Single I. ricinus co-infected with pathogens were detected in two cities, Moscow and St Petersburg, and these co-infected ticks always had Borrelia spp. pathogens. Previous studies in Russia reported I. ricinus with B. burgdorferi (s.l.) genospecies, A. phagocytophylum, Rickettsia monacensis and R. helvetica [50]. The present study indicates the potential presence of a wider selection of pathogens, including a tick found to have three different pathogen infections therefore underlining the risk for transmission of multiple pathogens to canine hosts with every feeding tick.

In general, owners of dogs need to be made aware of the risks of tick infestation that they face during walks. Pathogens carried by ticks can infect both dogs and people and monitoring of ticks and the pathogens they carry provides insight into the occurrence and spread of zoonotic diseases.

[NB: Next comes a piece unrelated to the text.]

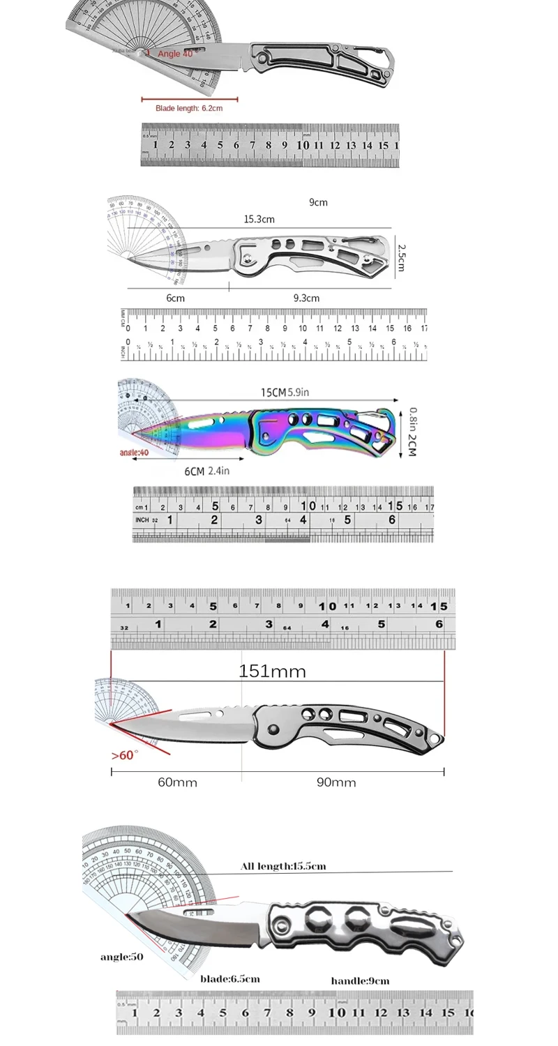 سكين فواكه قابل للطي سكين جيب من الفولاذ المقاوم للصدأ مع مقبض غير قابل للانزلاق سكّين متعدّد الاستخدامات سلسلة مفاتيح سكين محمول ملحقات المطبخ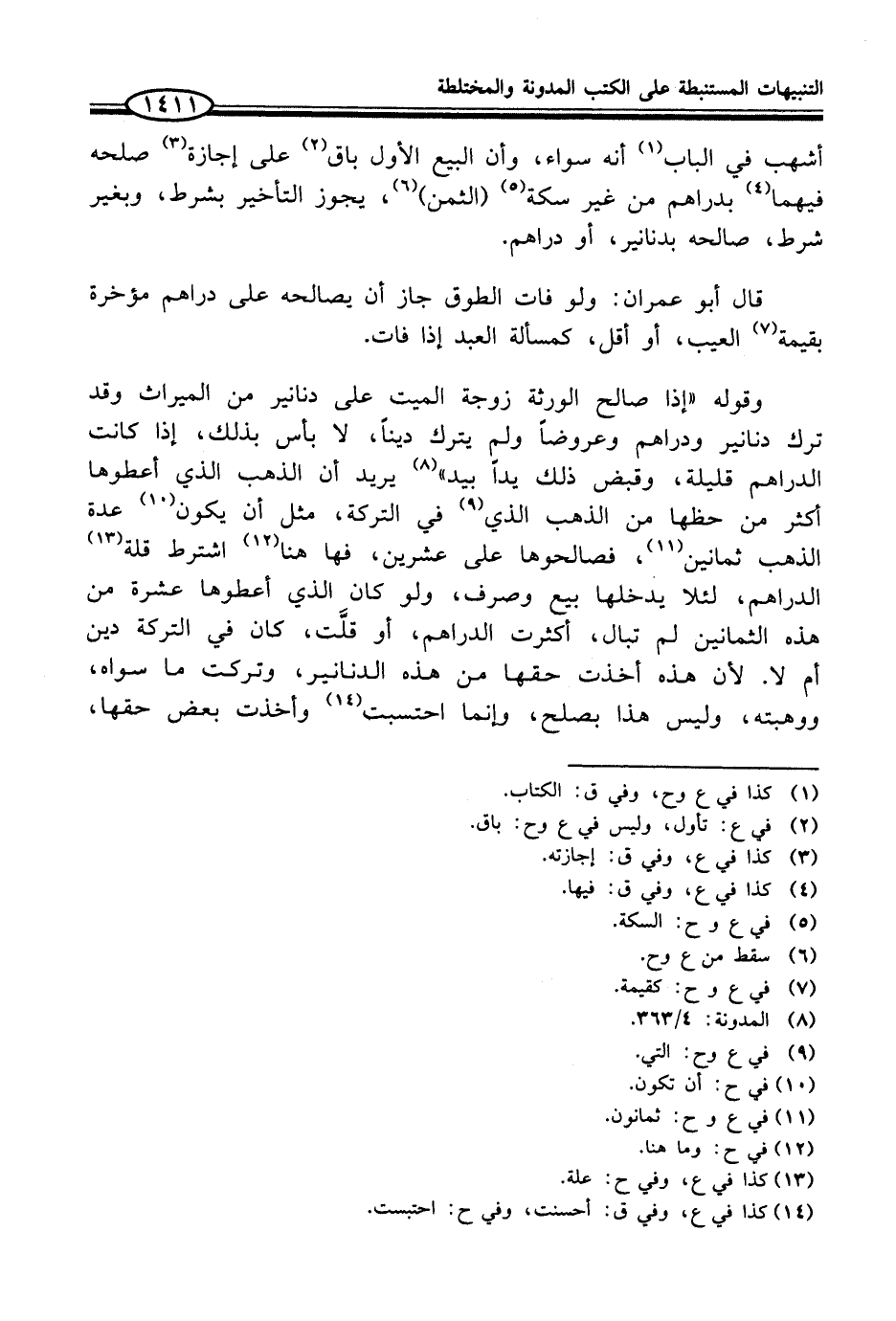 وقوله "إذا صالح الورثة زوجة الميت على دنانير من الميراث وقد ترك دنانير ودراهم وعروضاً ولم يترك ديناً، لا بأس بذلك، إذا كانت الدراهم قليلة، وقبض ذلك يداً بيد" (¬8) يريد أن الذهب الذي أعطوها أكثر من حظها من الذهب الذي (¬9) في التركة، مثل أن يكون (¬10) عدة الذهب ثمانين (¬11)، فصالحوها على عشرين، فها هنا (¬12) اشترط قلة (¬13) الدراهم، لئلا يدخلها بيع وصرف، ولو كان الذي أعطوها عشرة من هذه الثمانين لم تبال، أكثرت الدراهم، أو قلَّت، كان في التركة دين أم لا. لأن هذه أخذت حقها من هذه الدنانير، وتركت ما سواه، ووهبته، وليس هذا بصلح، وإنما احتسبت (¬14) وأخذت بعض حقها،

Veterinarians in all areas of Russia should keep these risks in mind and educate owners regarding the risks as well as developing optimal approaches for tick protection protocols that maximize owner compliance.

Conclusions

Multiple ticks from four genera and 11 species of the family Ixodidae were collected from domestic dogs across Russia. These ticks commonly carry pathogens and act as disease vectors. Ixodes persulcatus ticks present the greatest risk for transmission of multiple arthropod-borne pathogens. New tick pathogen transmission risks identified in Russia are B. crassa infecting H. parva and B. canis in D. marginatus.